→ ABOUT THIS TASK
Among the lines below, output only those between the line holding "Phong cách Trung" and the line holding "Manado, Portalkawanua.com|| Walikota", inclusive, exactly as written and with no pictures.

→ INPUT MATERIAL
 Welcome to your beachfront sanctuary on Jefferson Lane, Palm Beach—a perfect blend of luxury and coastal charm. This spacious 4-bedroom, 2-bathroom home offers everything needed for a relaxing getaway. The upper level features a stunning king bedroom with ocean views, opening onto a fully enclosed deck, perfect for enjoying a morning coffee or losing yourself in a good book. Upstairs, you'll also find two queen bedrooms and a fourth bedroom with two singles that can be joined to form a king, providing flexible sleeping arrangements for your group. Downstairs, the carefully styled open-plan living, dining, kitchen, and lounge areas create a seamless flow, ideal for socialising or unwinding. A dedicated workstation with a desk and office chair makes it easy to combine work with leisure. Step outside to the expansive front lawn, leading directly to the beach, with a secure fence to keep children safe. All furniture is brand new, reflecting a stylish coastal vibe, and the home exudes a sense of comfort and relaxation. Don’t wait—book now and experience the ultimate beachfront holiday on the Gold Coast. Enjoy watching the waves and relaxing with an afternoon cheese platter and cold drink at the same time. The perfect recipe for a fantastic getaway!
* * *
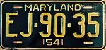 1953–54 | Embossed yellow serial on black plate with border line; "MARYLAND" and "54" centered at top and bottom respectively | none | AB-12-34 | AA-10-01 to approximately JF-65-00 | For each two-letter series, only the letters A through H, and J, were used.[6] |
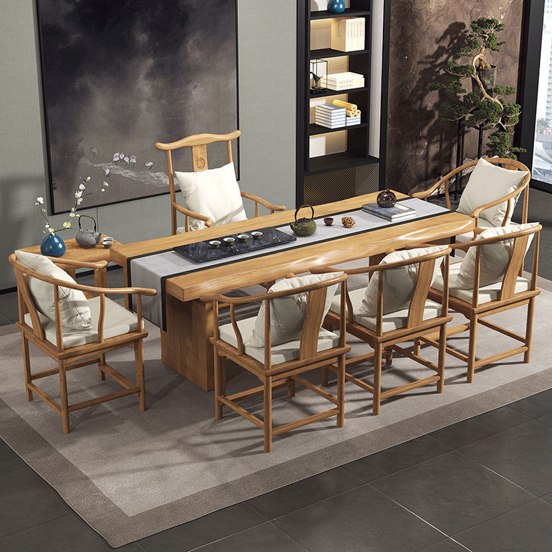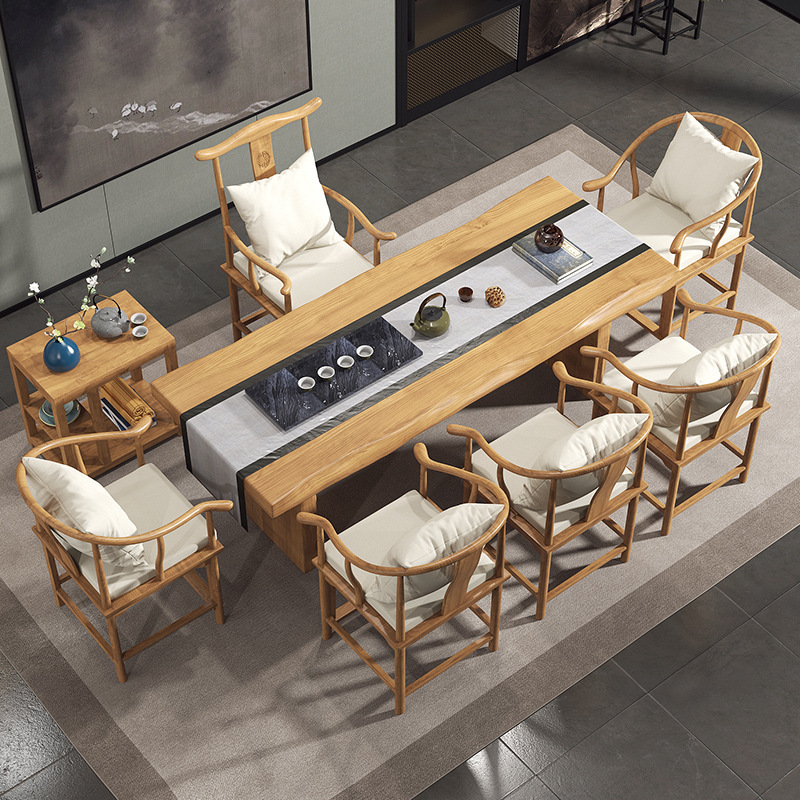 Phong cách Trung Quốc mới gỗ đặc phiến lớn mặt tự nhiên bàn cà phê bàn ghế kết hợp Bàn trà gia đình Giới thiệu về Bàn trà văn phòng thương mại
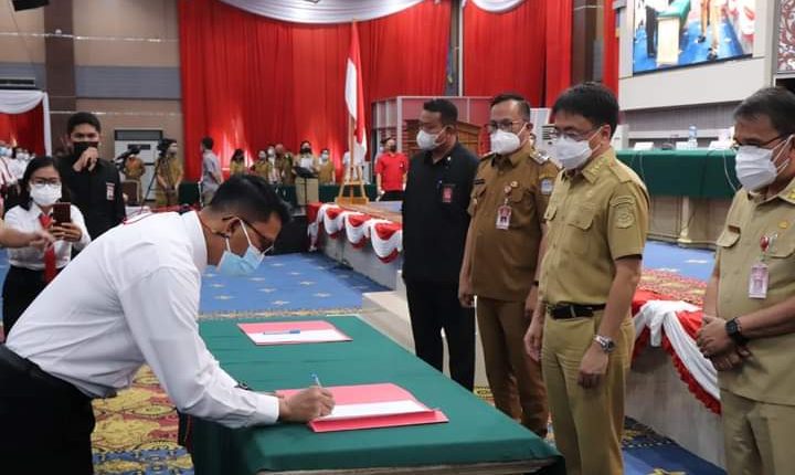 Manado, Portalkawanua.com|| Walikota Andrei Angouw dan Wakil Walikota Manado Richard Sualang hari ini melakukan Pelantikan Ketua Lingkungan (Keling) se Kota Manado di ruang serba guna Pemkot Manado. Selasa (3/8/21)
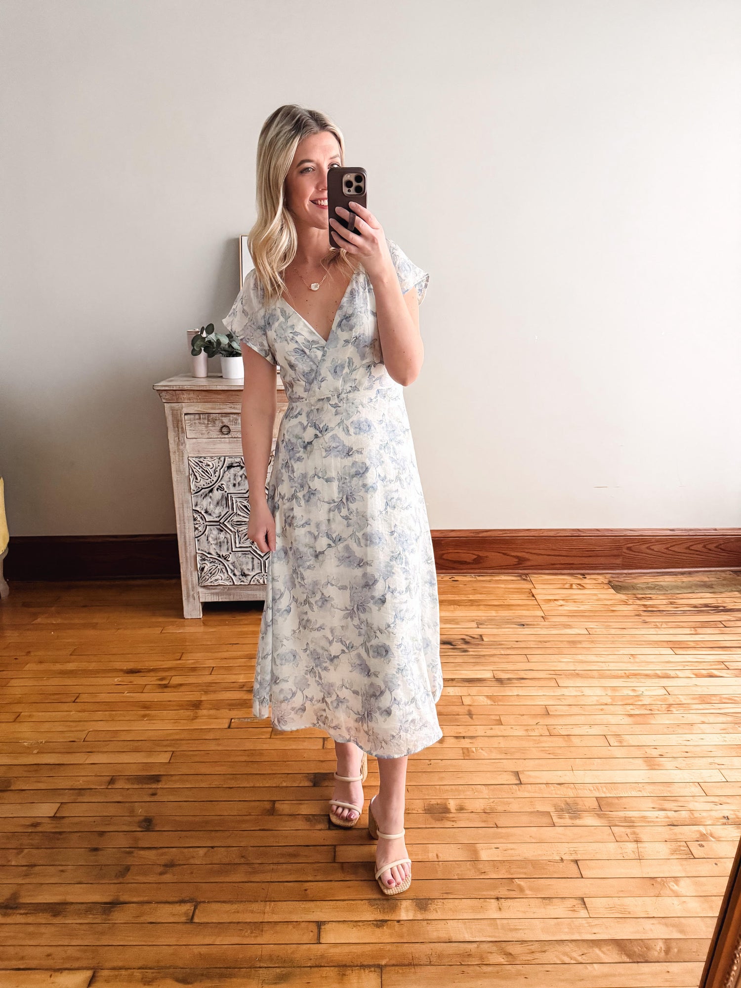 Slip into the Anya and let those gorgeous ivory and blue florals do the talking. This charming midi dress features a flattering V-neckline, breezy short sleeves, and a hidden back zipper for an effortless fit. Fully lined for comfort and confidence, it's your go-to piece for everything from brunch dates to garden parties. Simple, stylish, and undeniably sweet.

→ SOLUTION FOR THIS EXERCISE
 Phong cách Trung Quốc mới gỗ đặc phiến lớn mặt tự nhiên bàn cà phê bàn ghế kết hợp Bàn trà gia đình Giới thiệu về Bàn trà văn phòng thương mại
 Manado, Portalkawanua.com|| Walikota Andrei Angouw dan Wakil Walikota Manado Richard Sualang hari ini melakukan Pelantikan Ketua Lingkungan (Keling) se Kota Manado di ruang serba guna Pemkot Manado. Selasa (3/8/21)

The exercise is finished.